Walking across the stage of the community center to receive his associate of arts degree seemed unlikely, however, when he first arrived in Fallon, not able to speak the language.
"I thought I couldn't do it -- it was way too much," he remembered. "But it got easier. "
He enrolled in English classes then received his high school equivalency diploma in 1996. He joined 385 students in receiving 421 associates degrees and certificates from Western Nevada Community College.
Ugalde plans to attend the University of Nevada, Reno for a bachelor's degree in business administration in hopes of moving into a management position at Carson City's J.C. Penny where he works.

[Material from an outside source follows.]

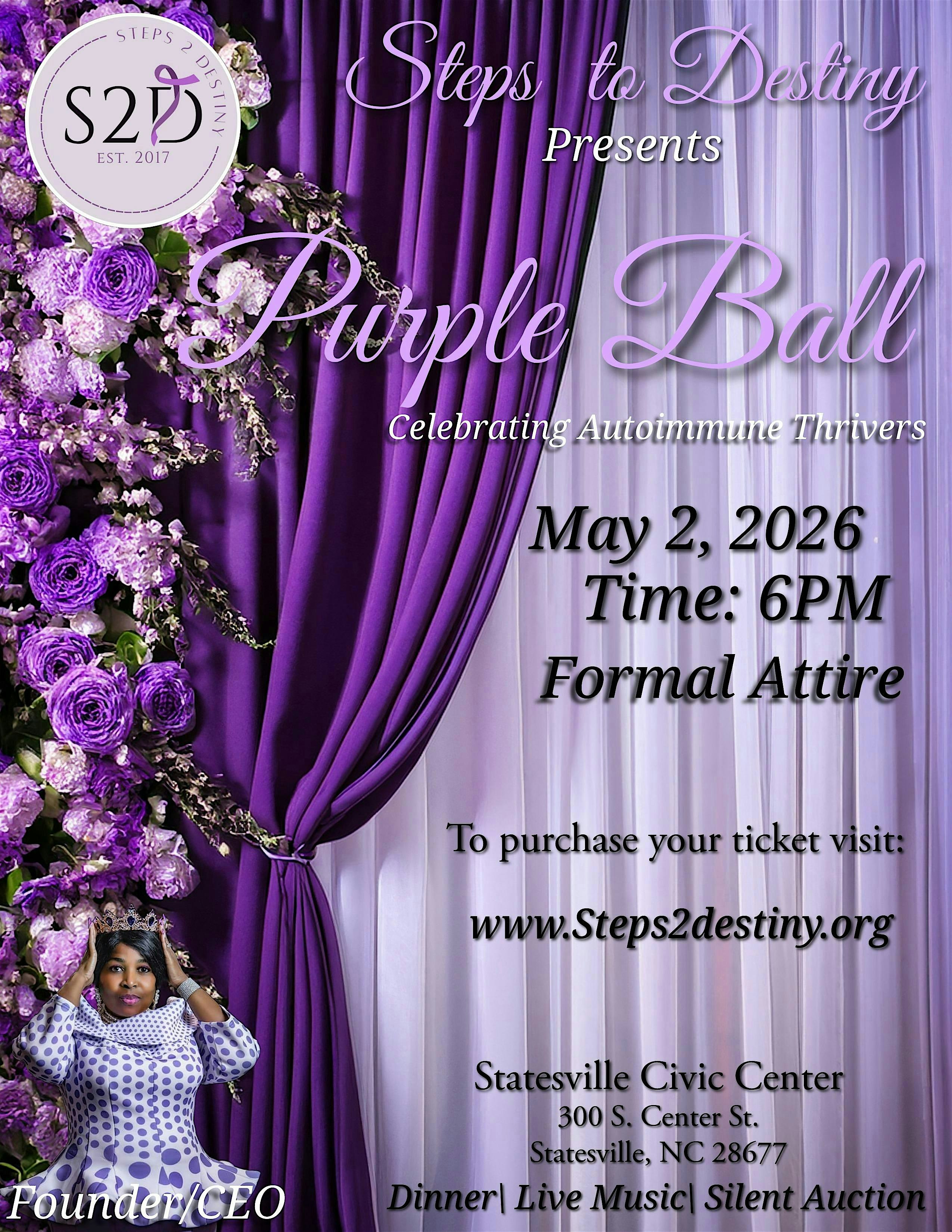 by admin13Feb Purple Ball at Statesville Civic Center – Statesville, NC Purple Ball at Statesville Civic Center – Statesville, NC 2 2 people viewed this event. You’re Invited to an Unforgettable Night! Get ready for a night packed with live music, silent auction, inspiring stories, and laughter. Tickets-RSVP Link Date And Time Saturday, May 2nd, 2026 10:00 PM (PST) Venue Statesville Civic Center Location 300 South Center Street, Statesville, NC 28677 Event Types Charity & CausesParty or Social Gathering Event Category North Carolina Share With Friends Facebook Twitter Linkedin Xing Pinterest Share This Post: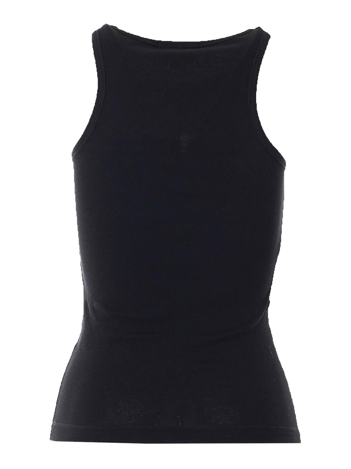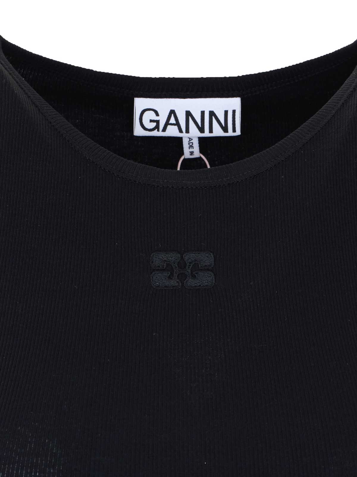 Ganniブラックリブタンクトップ、前面にロゴ刺繍、ノースリーブ

Crowds filled the community center beyond capacity during the commencement exercise honoring the largest graduating class in history. People were asked to move out of the aisles into the foyer where a large screen and chairs were set up to comply with fire codes.
Las Vegas mayor Oscar Goodman congratulated students as the ceremony's keynote speaker.
He told how he and his wife moved to Las Vegas in 1964 with $87 between them -- and a "fine education."
It was that education, he said, that enabled him to become one of city's premier criminal defense attorneys, and rise to fame as the lawyer to the mob.
"I am blessed because I am the luckiest man in the world ," he said. "I am the happiest man alive. Some people say I'm too much of a dreamer but I believe you can achieve anything you dream."
As an attorney Goodman said he most enjoys defending the unpopular and the poverty stricken to guarantee that, regardless of status, everyone is treated equally.
Yaraseth Lugo, 21, wants to use her education to benefit others as well.
She plans to pursue dual degrees in elementary education and social work.
"They're the two professions where you can really help," she said. "In teaching you can change a child's life and in social work, you can guide people who didn't get that chance earlier in their lives."
Regent Howard Rosenberg spoke of the importance of education in not only making a living but in making a life.
It is a philosophy Charles Lawson, 61, subscribes to. Although retired from his career as a construction project manager, he received his associate's degree and plans to further his education with a business degree from UNR.
He is running for Lyon County commissioner, where he has lived for 31 years, and may pursue a law degree.
"It's something I just want to do -- to be educated. I want to set an example for my grandchildren," he said. "I just never seemed to have the time while I was working and raising a family. Now I have time."
Lawson has three children and six grandchildren.